## WHAT IS NEEDED
Without the pictures, can you quote each line below exactly?

## DATA RECORDS
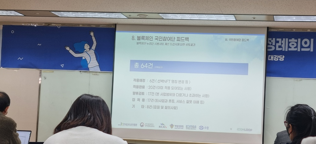 2차 정례회의는 각 프로젝트별로 누리단의 의견들이 어떻게 반영되었고 어떤 부분 때문이 반영이 되어지지 않았는지에 대한 발표로 진행되었다. 내가 의견을 냈던 부분이 반영되거나 향후 검토 사항으로 들어간 프로젝트들을 보니 뭔가 기분이 묘했다.
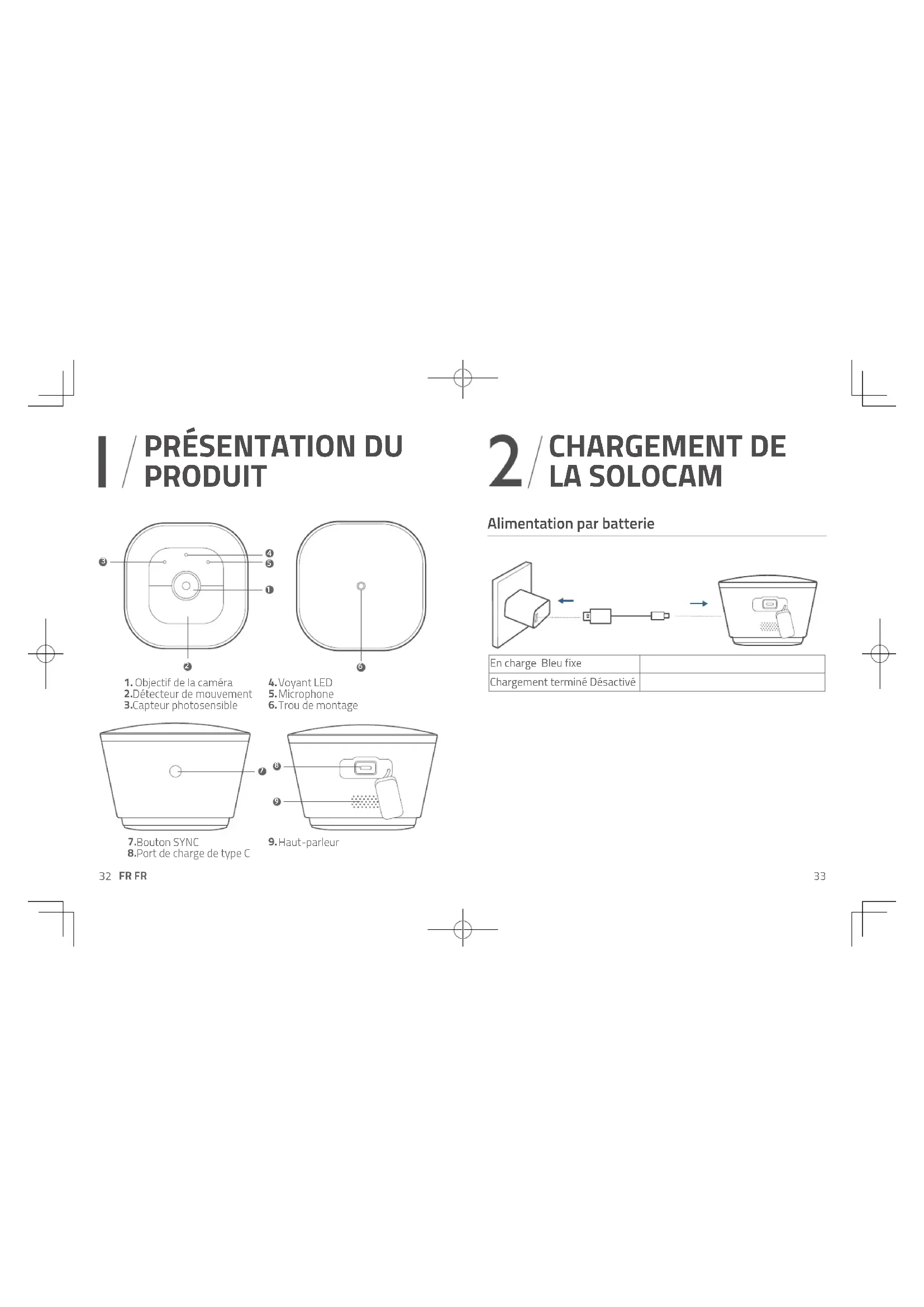 CHARGEMENT DE LA SOLOCAM Alimentation par batterie En charge Bleu fixe Chargement terminé Désactivé34 FR FR
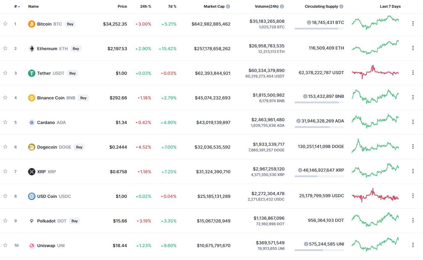 Биткоин (BTC) начал первый день июля с падения. По состоянию на 06:44 (МСК), криптовалюта торгуется по $34 274.
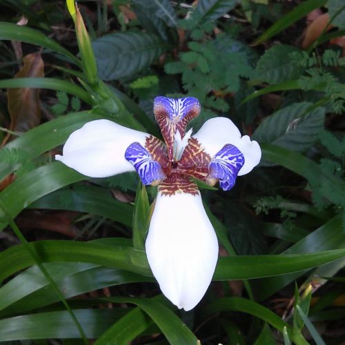 L'Iris Marcheur est une plante vivace de la famille des Iridacées, originaire d'Amérique Centrale, utilisée en plante à massif. ou en bordure. D'une hauteur de 30 à 40 cm, produit des fleurs blanches teintées de jaune et de mauve. Il se propage grace à des stolons qui s'enracinent au contact du sol et forment de nouveaux plants
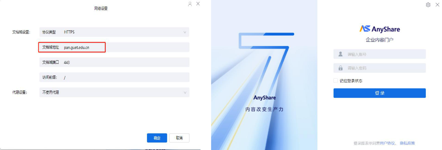 客户端登录:弹出设置界面时输入文档域地址: https://pan.guet.edu.cn/,文档域端口:443,在登录界面输入账号密码。
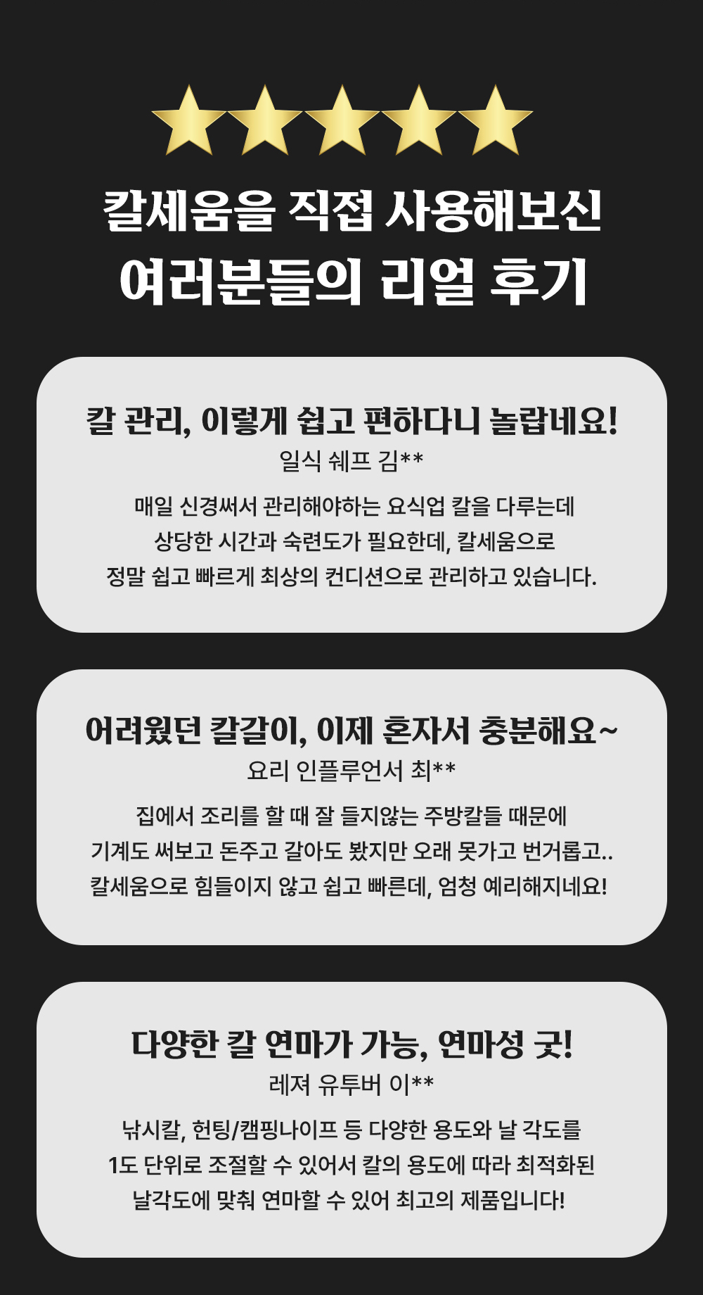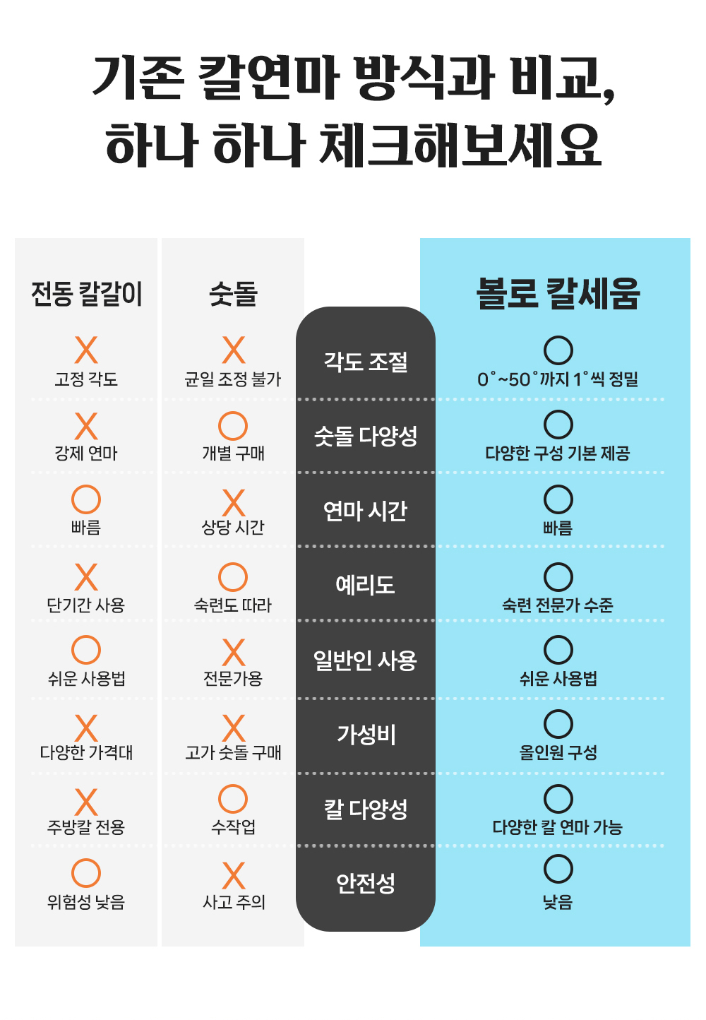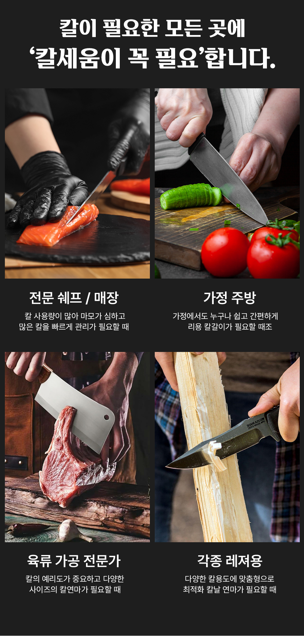 1. 🔪 프리미엄 칼세움 칼갈이 - 정밀한 각도 조절과 다양한 숫돌로 칼날 예리함 복원 2. ⚙️ 손쉬운 사용과 안전성 - 초보자도 쉽게 사용할 수 있는 인체공학적 설계와 안전 기능 3. 💸 할인 및 증정 혜택 - 슈퍼 얼리버드 33~39% 할인과 프리미엄 구매 시 선풍기 증정
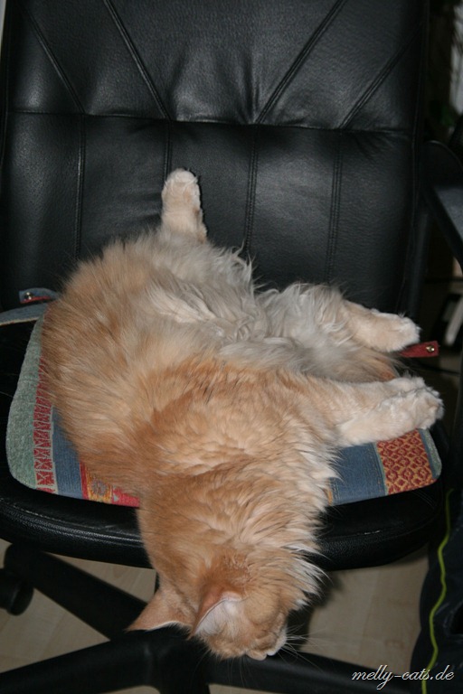 Während Aragon zur Zeit am liebesten im Arbeitszimmer meines Mannes auf seinem Stuhl sitzt. Diese Angewohnheit hat er, seit dem Azrael gestorben ist. Am Anfang fand mein Mann es ja lustig, das er immer auf seinem Stuhl liegen wollte (obwohl so schlimm kann es nicht sein, denn mein Mann nimmt sich immer freiwillig das Höckerchen und sitzt dann dort, obwohl der Hocker sehr unbequem ist). Jetzt hat Aragon auch schon eine Strategie entwickelt, um sich seinen Lieblingsplatz zu ergattern
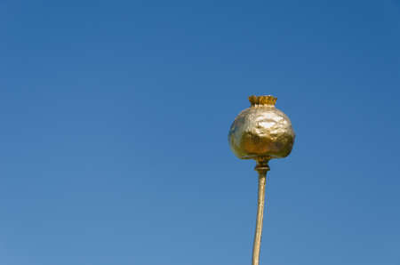gold paint sprayed poppy on blue sky background
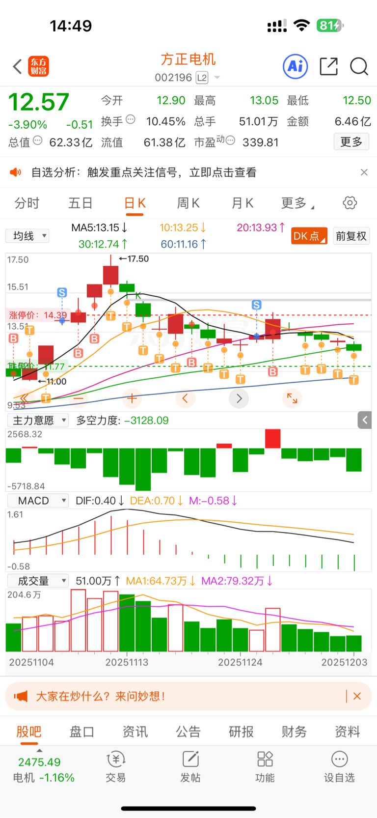 $方正电机(SZ002196)$ 老太太下楼梯,尾盘减半仓,随便你跌了
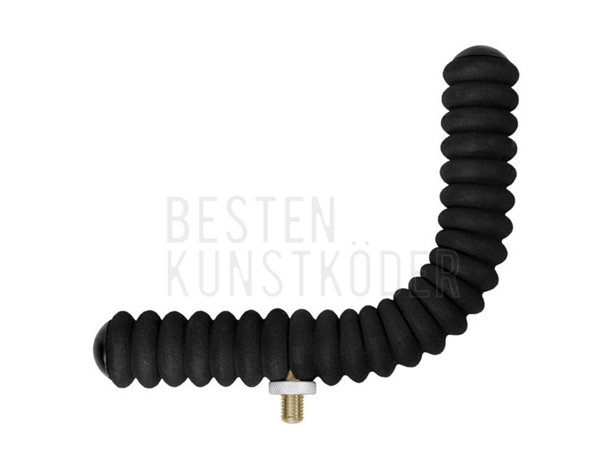 EVA SmallBEND ist ein L-förmiger Feederstabhalter. Seine Oberfläche besteht aus schwarzem EVA-Schaumstoff mit einer unregelmäßigen, gewellten Form. Diese Oberfläche schützt die Rute vor Beschädigungen und hält sie während der Jagd an Ort und Stelle, wodurch die Möglichkeit, dass die Rute auf den Boden fällt, deutlich reduziert wird. Der Halter verfügt über ein Universalgewinde, wodurch er mit allen handelsüblichen Feederständern, Abstandshaltern oder anderen Halterungen kompatibel ist.

## EXPECTED ANSWER
 2차 정례회의는 각 프로젝트별로 누리단의 의견들이 어떻게 반영되었고 어떤 부분 때문이 반영이 되어지지 않았는지에 대한 발표로 진행되었다. 내가 의견을 냈던 부분이 반영되거나 향후 검토 사항으로 들어간 프로젝트들을 보니 뭔가 기분이 묘했다.
 CHARGEMENT DE LA SOLOCAM Alimentation par batterie En charge Bleu fixe Chargement terminé Désactivé34 FR FR
 Биткоин (BTC) начал первый день июля с падения. По состоянию на 06:44 (МСК), криптовалюта торгуется по $34 274.
 L'Iris Marcheur est une plante vivace de la famille des Iridacées, originaire d'Amérique Centrale, utilisée en plante à massif. ou en bordure. D'une hauteur de 30 à 40 cm, produit des fleurs blanches teintées de jaune et de mauve. Il se propage grace à des stolons qui s'enracinent au contact du sol et forment de nouveaux plants
 客户端登录:弹出设置界面时输入文档域地址: https://pan.guet.edu.cn/,文档域端口:443,在登录界面输入账号密码。
 1. 🔪 프리미엄 칼세움 칼갈이 - 정밀한 각도 조절과 다양한 숫돌로 칼날 예리함 복원 2. ⚙️ 손쉬운 사용과 안전성 - 초보자도 쉽게 사용할 수 있는 인체공학적 설계와 안전 기능 3. 💸 할인 및 증정 혜택 - 슈퍼 얼리버드 33~39% 할인과 프리미엄 구매 시 선풍기 증정
 Während Aragon zur Zeit am liebesten im Arbeitszimmer meines Mannes auf seinem Stuhl sitzt. Diese Angewohnheit hat er, seit dem Azrael gestorben ist. Am Anfang fand mein Mann es ja lustig, das er immer auf seinem Stuhl liegen wollte (obwohl so schlimm kann es nicht sein, denn mein Mann nimmt sich immer freiwillig das Höckerchen und sitzt dann dort, obwohl der Hocker sehr unbequem ist). Jetzt hat Aragon auch schon eine Strategie entwickelt, um sich seinen Lieblingsplatz zu ergattern
gold paint sprayed poppy on blue sky background
 $方正电机(SZ002196)$ 老太太下楼梯,尾盘减半仓,随便你跌了
 EVA SmallBEND ist ein L-förmiger Feederstabhalter. Seine Oberfläche besteht aus schwarzem EVA-Schaumstoff mit einer unregelmäßigen, gewellten Form. Diese Oberfläche schützt die Rute vor Beschädigungen und hält sie während der Jagd an Ort und Stelle, wodurch die Möglichkeit, dass die Rute auf den Boden fällt, deutlich reduziert wird. Der Halter verfügt über ein Universalgewinde, wodurch er mit allen handelsüblichen Feederständern, Abstandshaltern oder anderen Halterungen kompatibel ist.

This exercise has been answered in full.